Aldi Kraja aldi at wubios.wustl.edu
Sun Oct 10 14:51:28 CEST 2004

Prof Brian Ripley wrote:

>The correct commands are
>R CMD INSTALL gregmisc_2.0.0.tar.gz
>R CMD INSTALL genetics_1.1.0.tar.gz
>Wherever did you get `../bin/INSTALL -l .' from?
>You need to install into a library that is in the library path for the 
>package to be usable, and the system library (the default) is the best 
>choice.  (This is no different from S-PLUS, on which you have been asking
>questions on s-news for many years.)
Thank you Brian for your response. In the online manual for the R 
installation and administration (2004)
it says:
"Note that you need to specify implicitly or explicitly the library to 
which the package is
to be installed. This is only an issue if you have more than one 
library, of course.
To install packages from source on Unix use
R CMD INSTALL -l /path/to/library pkg1 pkg2 ..."

I am working in a case where in the general path is already version 1.9, 
and I am installing locally version 2.0.0
My local copy will be removed in the moment that my Net. Adm. will 
install version 2.0.0 in the general path.

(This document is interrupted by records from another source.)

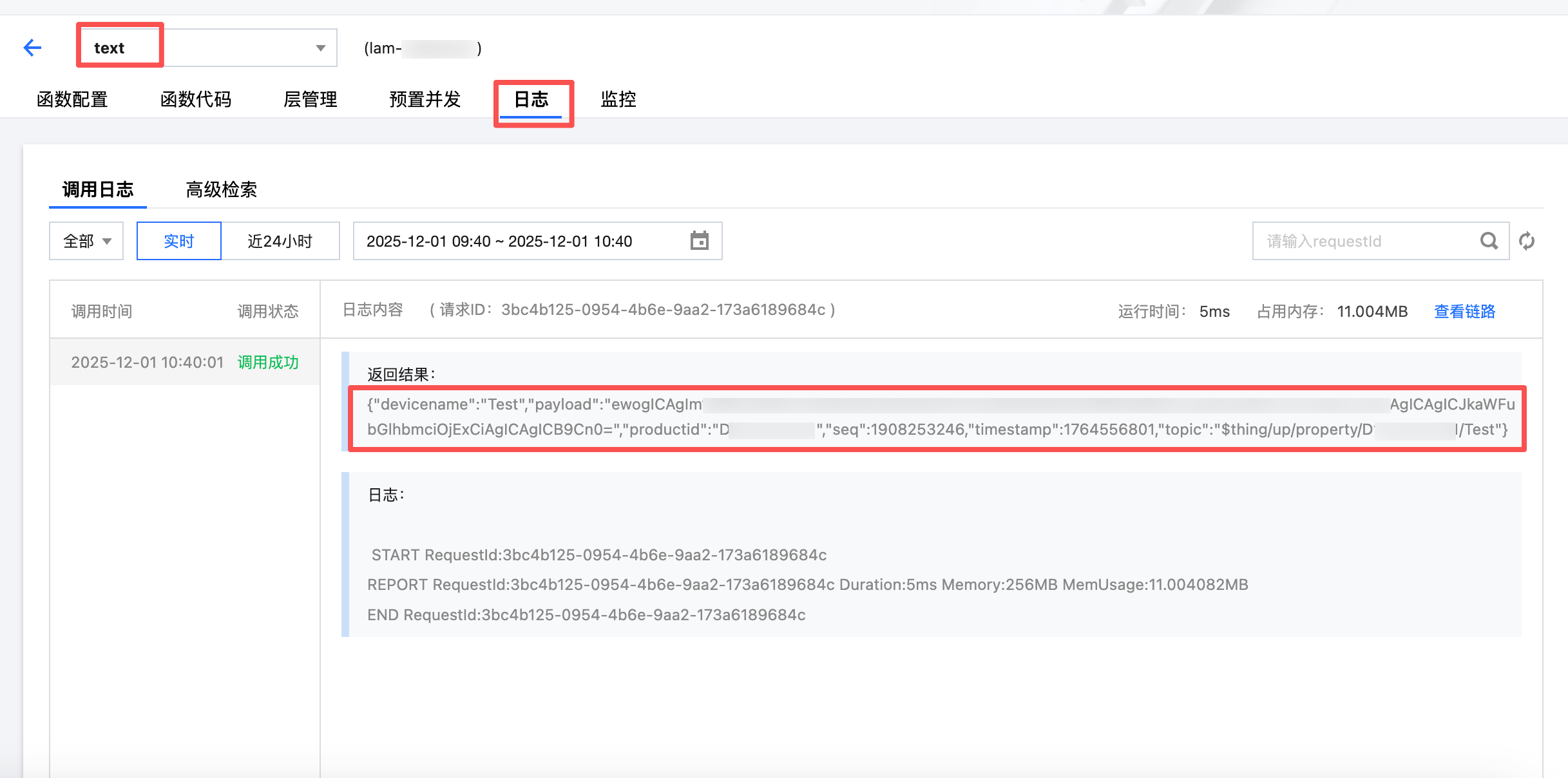 7. 回到云开发控制台进入云函数页面日志模块找到转发的日志。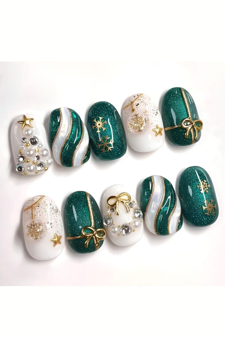 Green and white nails with gold bows, ornaments, pearls, and glitter. Elegant, festive, and perfect for a polished holiday look.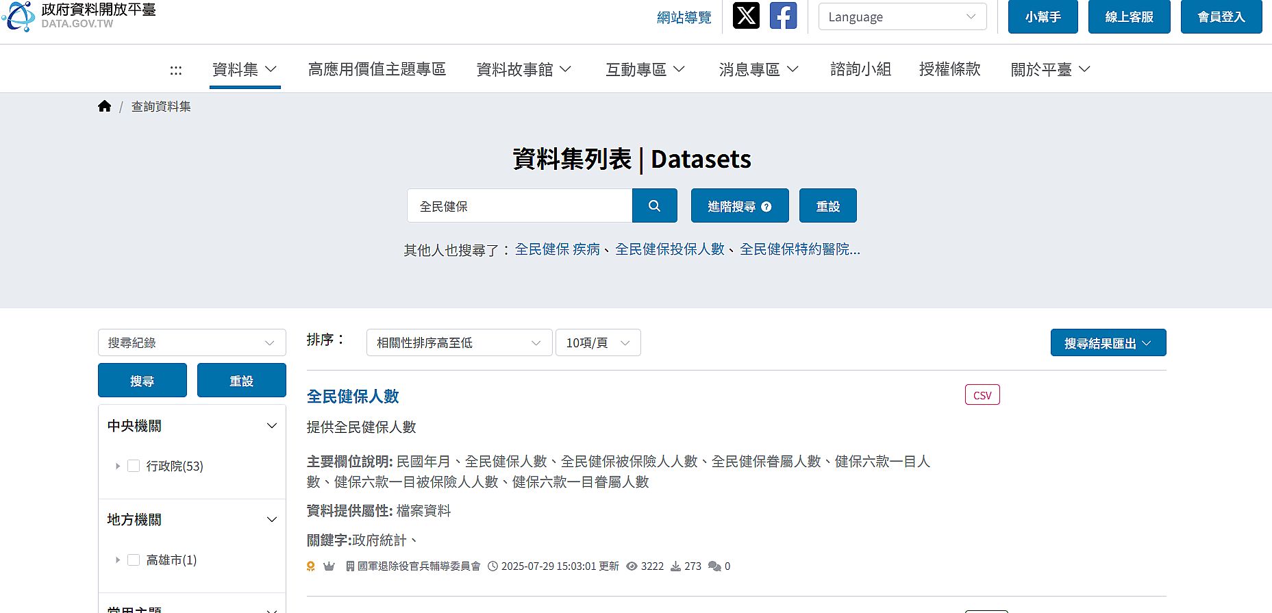 | 1 | ![]() | 網站名稱 政府資料開放平台 網址 https://data.gov.tw/datasets/search?p=1&size=10&s=_score_desc&rft=%E5%85%A8%E6%B0%91%E5%81%A5%E4%BF%9D 網站簡介 由我國政府建立的公開資訊網站,目的在於讓各機關蒐集與產生的資料能夠透明化並提供大眾使用。平臺上的資料種類非常多,包括交通、醫療、教育、環境等領域,民眾可以免費下載並加以分析或應用。透過這樣的公開方式,不僅能提升政府施政的透明度,也能鼓勵創新應用,例如開發新服務或研究公共政策。政府資料開放平臺不僅是資訊共享的重要管道,更是推動數位治理與公民參與的基礎。 | 卞蜚 | 2025/9/22 下午 10:24:11 |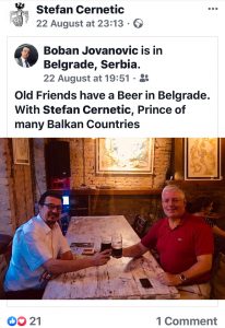 Želim da budem prijatelj i sa zvaničnom Srbijom i da svoje resurse i kapacitete stavim na raspolaganje, jer kao što vidite sve češće sam u Beogradu koji je neformalna prestonica Balkana u kulturološkom smislu. Živim na relaciji Beograd – Atina jer je moja supruga, Princeza Karula iz Atine.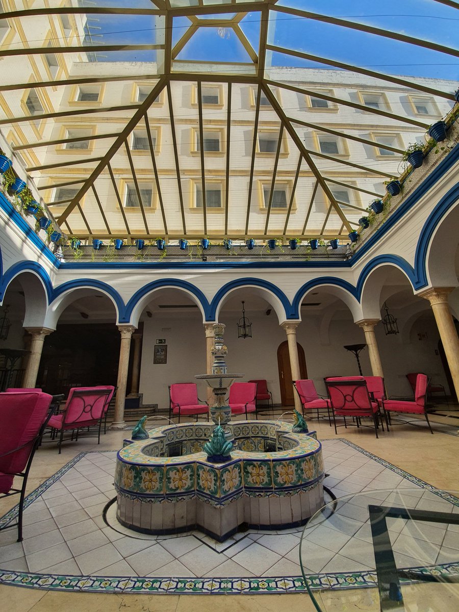 الفندق اللي نزلت فيه في #إشبيلية مصمم على الطراز الاندلسي حيث البهو الواسع و النافورة التي تتوسط المنزل و السقف للسماء و الأعمدة على شكل القبب و السيراميك الملون و الزخارف التي لا تحتوي وجوه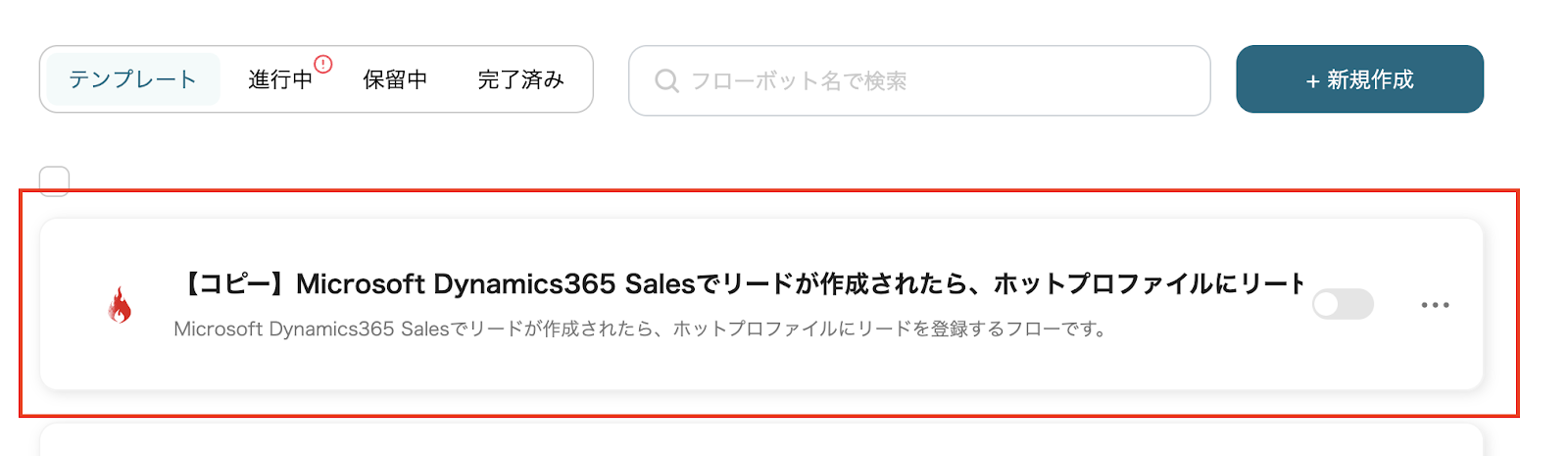 それでは、実際に「Microsoft Dynamics365 Salesでリードが作成されたら、ホットプロファイルにリードを登録する」のテンプレートを使ったフローボットを作成していきましょう。

I am executing INSTALL command under ..../aldi/r/R-2.0.0/gregmisc%
I am executing INSTALL command under ..../aldi/r/R-2.0.0/genetics%
So ../bin/ is the local place where I have INSTALL for v. 2,
-l  . is the path where INSTALL has to look for the package, gregmisc etc.

The gregmisc works fine, it creates gdata.
Genetics package is searching for gdata, but does not see it under my 
local ...../gregmisc/gdata/
So my question was: what do I need to provide to genetics to see gdata, 
or what do I need to change to genetics to see the gdata?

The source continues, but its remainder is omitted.